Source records
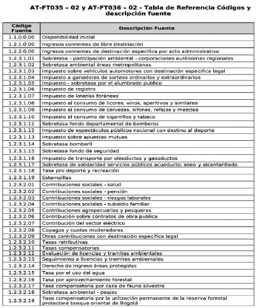 | 2 | codFuente | Código de la fuente | Corresponde al código de la fuente y a la descripción de la fuente relacionados en la tabla AT-FT035 - 02: Tabla de Referencia Códigos y descripción fuente. | 10 | Alfanumérico |
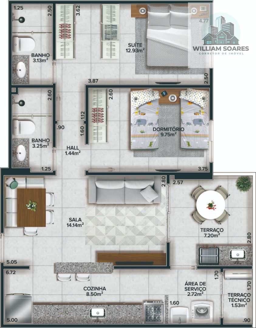 - 02 Dormitórios sendo 01 Suíte
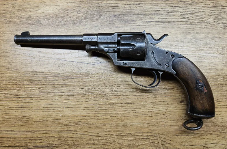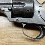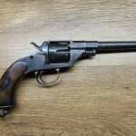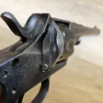 German Model 1879 Reichsrevolver, manufactured by S&S VCS CGH arms consortium in Suhl Germany, 7 1/8" barrel, 6 shot. Chambered in 11mm German Ordnance which is equivalent to the more common 44 Russian, 44 Russian is readily available and what most use in the Reichsrevolvers. This piece isn't a safe queen and is priced accordingly, but it's in excellent mechanical operational condition. Half and full cock work well. Timing and lockup are excellent and solid. Bore shows wear/pits along with surface scaling that should clean up better. Original grips show age shrinkage, there's a repair on left panel near center grommet, lanyard ring is intact. Cylinder pin and release screw are in good shape. Unique German military unit markings at bottom of the handle that should make for interesting research. Safety lever is not present which is not a concern as the Reichsrevolver safeties are not practical. Sideplate has 2 screw holes that are bored bit bigger with non original screws, loading gate is likely from a different 1879, it's spring is light and it doesn't close fully tight. Again not a safe queen, has great mechanics and priced accordingly. If you need brass, lead or dies please inquire. Antique status in Canada, no PAL required to purchase or own. Will include an RCMP FRT printout showing antique status in Canada. $1825 includes Free Shipping. If you have any questions or need more pictures or video please feel free to ask. Gladly text me anytime at 1-204-392-8152.
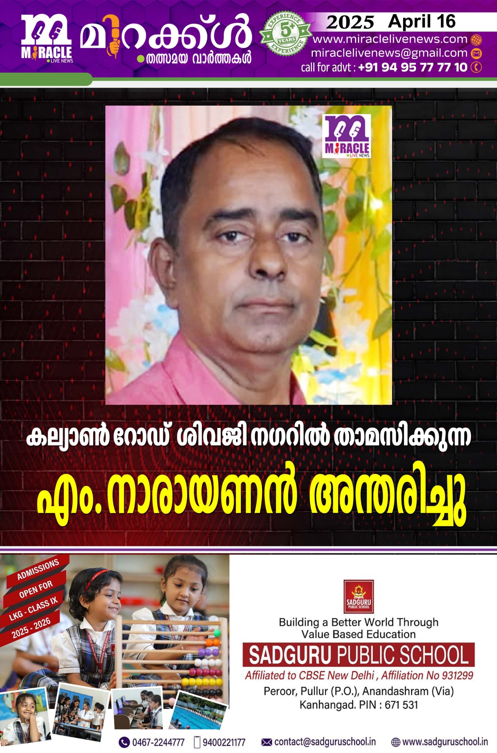 കല്യാണ്‍ റോഡ് ശിവജി നഗറില്‍ താമസിക്കുന്ന എം.നാരായണന്‍ അന്തരിച്ചു
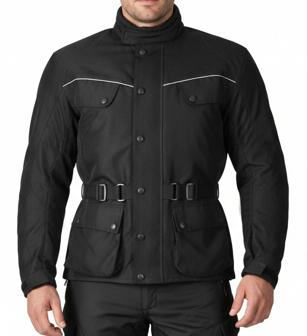 Kurtka motocyklowa Ronley – protektory, regulacjaKurtka motocyklowa Ronley przeznaczona do jazdy miejskiej i turystycznej. Model o klasycznym kroju, wyposażony w elementy zwiększające bezpieczeństwo i możliwość dopasowania do sylwetki. Stan bardzo dobry – zadbana, gotowa do dalszego użytkowania. Najważniejsze cechy• jedna kieszeń wewnętrzna • trzy kieszenie zewnętrzne • regulacja szerokości w pasie i w talii • regulacja szerokości mankietów • protektor na plecach • kieszenie na protektory na łokciach i ramionach • brak podpinki ocieplanej Bezpieczeństwo i funkcjonalnośćKurtka wyposażona w protektor pleców oraz kieszenie umożliwiające montaż ochraniaczy na łokciach i ramionach. Regulacja w pasie, talii i mankietach pozwala na lepsze dopasowanie do sylwetki i pozycji podczas jazdy. Model odpowiedni do jazdy w cieplejszych warunkach lub z dodatkową warstwą pod spodem. Stan• stan bardzo dobry • zadbana • elementy funkcjonalne sprawne | |
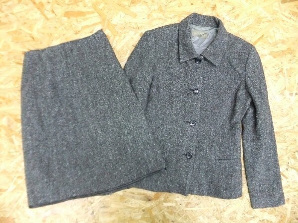 > DES PRES デプレ レディース 日本製 ウール ナイロン シルク混 ヘリンボーン ツイード ジャケット スカートスーツ セットアップ グレー 0
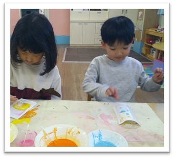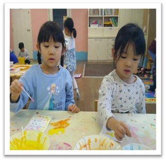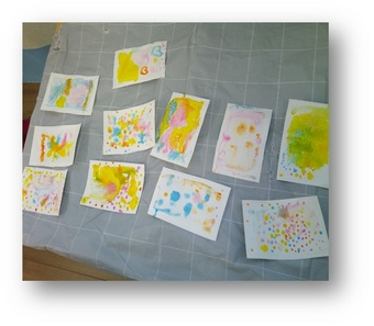 水玉に模様をつけていったり、綿棒で絵を描いたり絵の具が広がっていく面白さを感じたりと

**What this task involves:** Pictures do not belong in your copy; restate word for word the lines from the one containing "Kurtka motocyklowa Ronley –" through the last line of the records above.

**Reply to the task:**
 Kurtka motocyklowa Ronley – protektory, regulacjaKurtka motocyklowa Ronley przeznaczona do jazdy miejskiej i turystycznej. Model o klasycznym kroju, wyposażony w elementy zwiększające bezpieczeństwo i możliwość dopasowania do sylwetki. Stan bardzo dobry – zadbana, gotowa do dalszego użytkowania. Najważniejsze cechy• jedna kieszeń wewnętrzna • trzy kieszenie zewnętrzne • regulacja szerokości w pasie i w talii • regulacja szerokości mankietów • protektor na plecach • kieszenie na protektory na łokciach i ramionach • brak podpinki ocieplanej Bezpieczeństwo i funkcjonalnośćKurtka wyposażona w protektor pleców oraz kieszenie umożliwiające montaż ochraniaczy na łokciach i ramionach. Regulacja w pasie, talii i mankietach pozwala na lepsze dopasowanie do sylwetki i pozycji podczas jazdy. Model odpowiedni do jazdy w cieplejszych warunkach lub z dodatkową warstwą pod spodem. Stan• stan bardzo dobry • zadbana • elementy funkcjonalne sprawne | |
 > DES PRES デプレ レディース 日本製 ウール ナイロン シルク混 ヘリンボーン ツイード ジャケット スカートスーツ セットアップ グレー 0
 水玉に模様をつけていったり、綿棒で絵を描いたり絵の具が広がっていく面白さを感じたりと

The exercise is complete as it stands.